Hi Robert,
I’m also working with the human gut microbiota, and I concur with Meren: co-assembly across subjects is problematic. There’s simply too much interpersonal variability, at all levels ranging from the proportions of major phyla to strain-level
variation within the most prevalent gut species. Feeding more data into an assembly is only helpful if the additional reads are covering the same genomes, and it’s far from clear that unrelated human adults share many of the same genomes. (‘Same’ here is
defined operationally by the stringency of your assembly algorithm for overlapping reads…’same genome’ is a lot more stringent than belonging to a prevalent gut species, as assessed by 16S studies looking for a ‘core human gut microbiota’.) Especially because
the ‘same’ genome would have to be not just present, but reasonably abundant in multiple samples to be the source of many additional reads.

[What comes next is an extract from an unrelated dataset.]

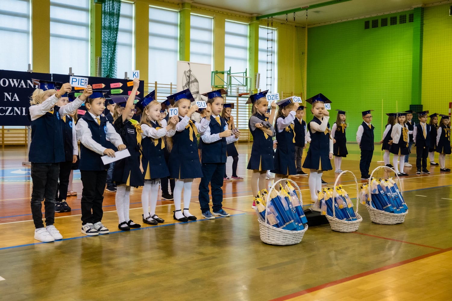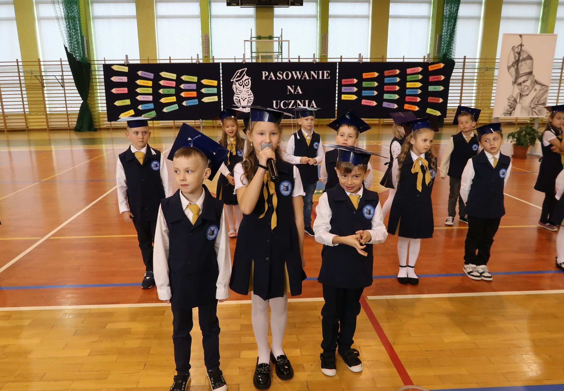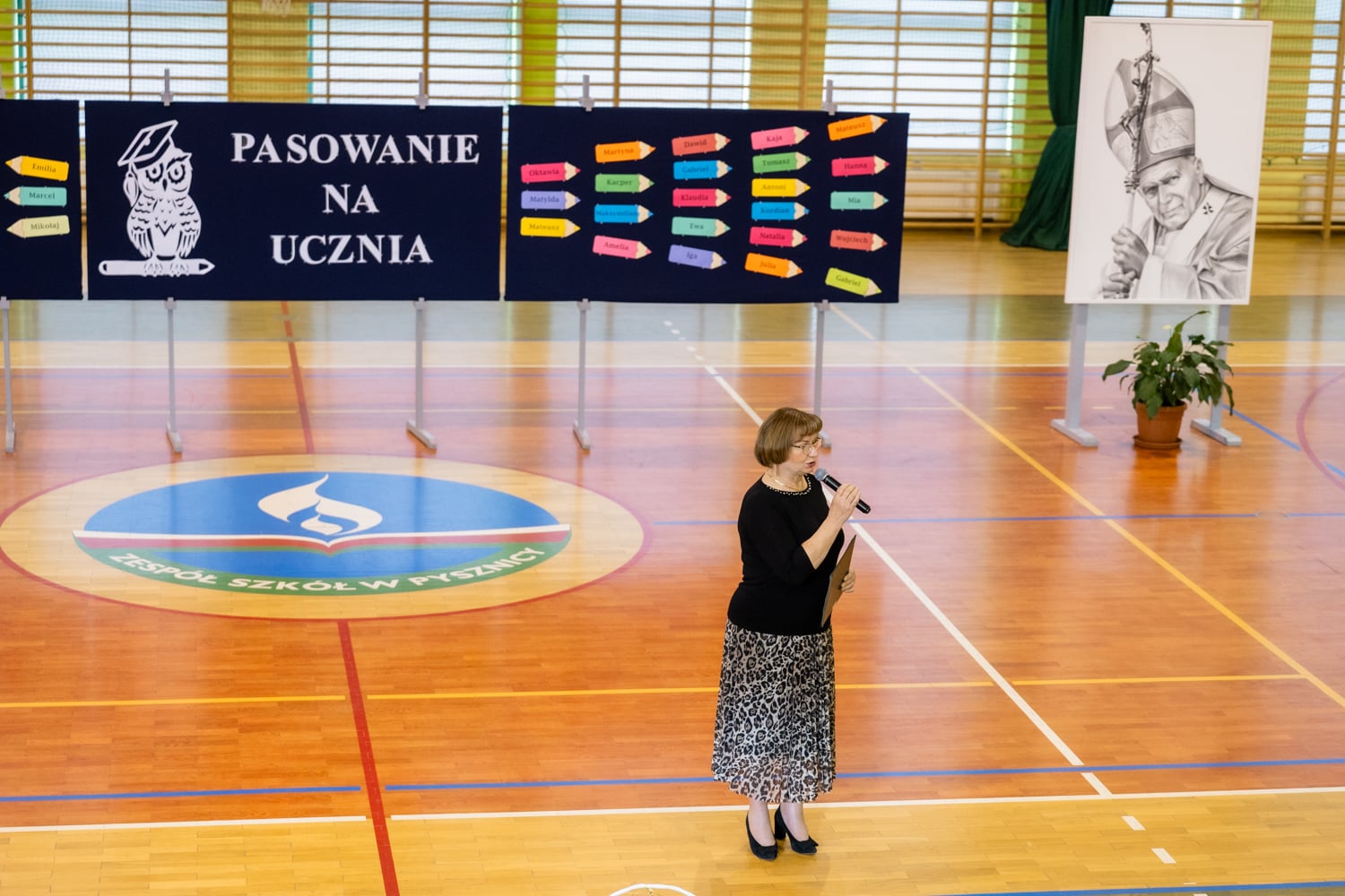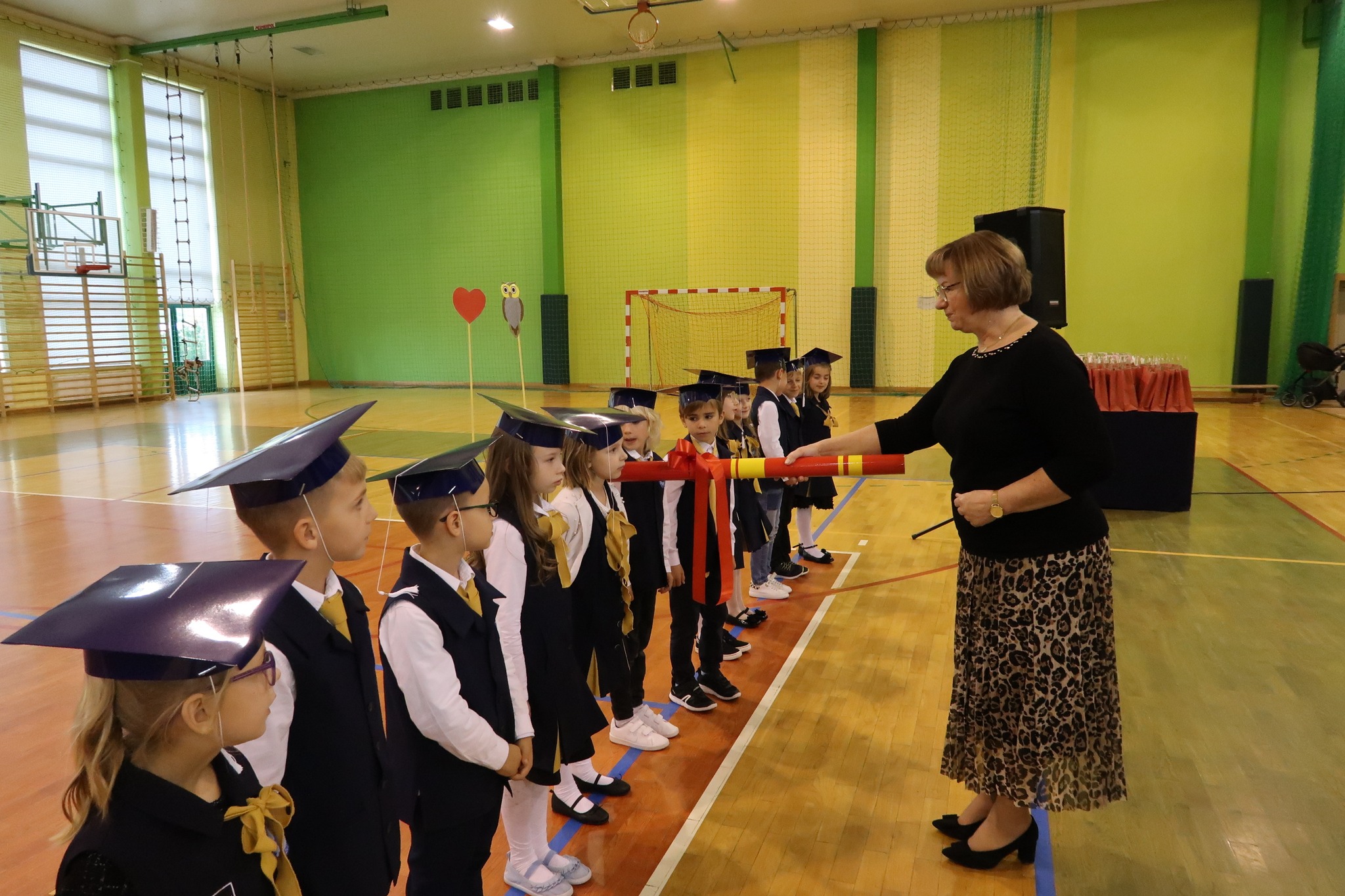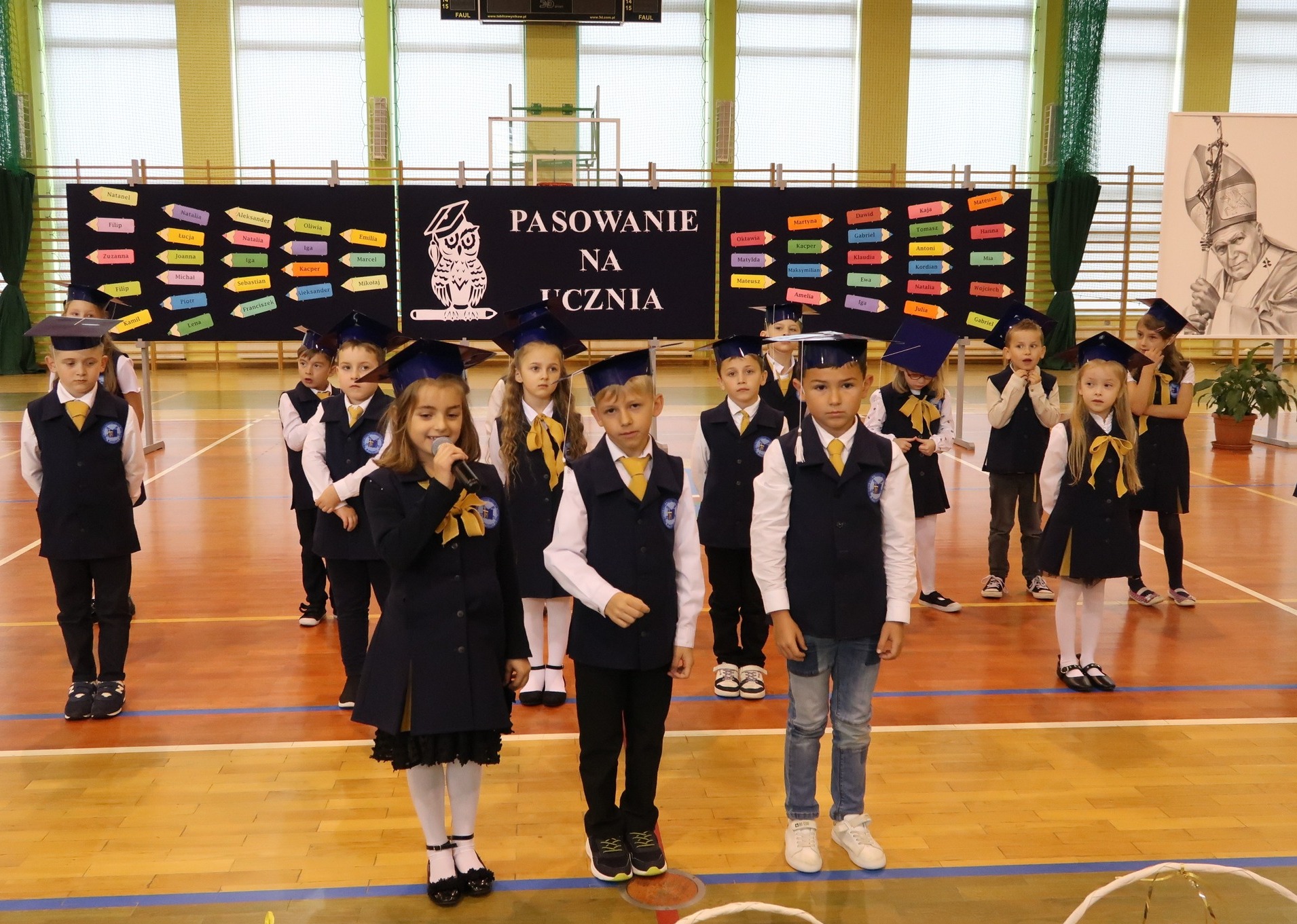 Dnia 16 października obchodziliśmy w naszej szkole Święto Szkoły, połączone z uroczystym Pasowaniem na Ucznia. To wyjątkowy dzień, w którym wspominamy wybór św. Jana Pawła II na papieża. Wydarzenie to miało wyjątkowy, uroczysty, a zarazem radosny charakter. Uczniowie klas pierwszych zaprezentowali przygotowany program artystyczny, podczas którego recytowali wiersze, śpiewali piosenki oraz przedstawili układ taneczny. Kulminacyjnym momentem spotkania było uroczyste pasowanie na ucznia, którego dokonała Dyrektor Szkoły Pani Teresa Mierzwa, symbolicznie przyjmując pierwszoklasistów do grona społeczności szkolnej.

You could consider an approach like the original MetaHIT paper (Qin 2010) and do the within-subject assembly first, then merge unassembled reads across subjects for another round of attempted assembly…but I haven’t had to really think through
this issue myself, and the MetaHIT paper was just trying to get long enough contigs from 75-base GA-II reads to reliably call genes, and then just analyzed the gene catalog. They weren’t aiming for MAGs.
Depending on the depth of your sequencing per sample (per subject), you might not have much success getting MAGs for each subject. I remember from the first Banfield lab forays into assembly-based metagenomics of complex samples (contaminated
aquifer in their case), they were shooting for ~30 GB of sequencing from the community to be able to get partial MAGs from dozens of microbial strains. Think about that ratio…roughly a factor of 1000 between raw sequencing depth within one complex community
and summed length of things large enough to reasonably called MAGs, as opposed to just contigs.
If you don’t have (and can’t get) the depth to assemble much within your individual subjects, you might consider trying to map your reads to the updated human gut gene catalog. Li et al. 2014 Nature Biotechnology is a direct descendent of the
original MetaHIT catalog, and would likely be both easier to work with and more appropriate than a general reference database such as UniRef or NCBI genomes.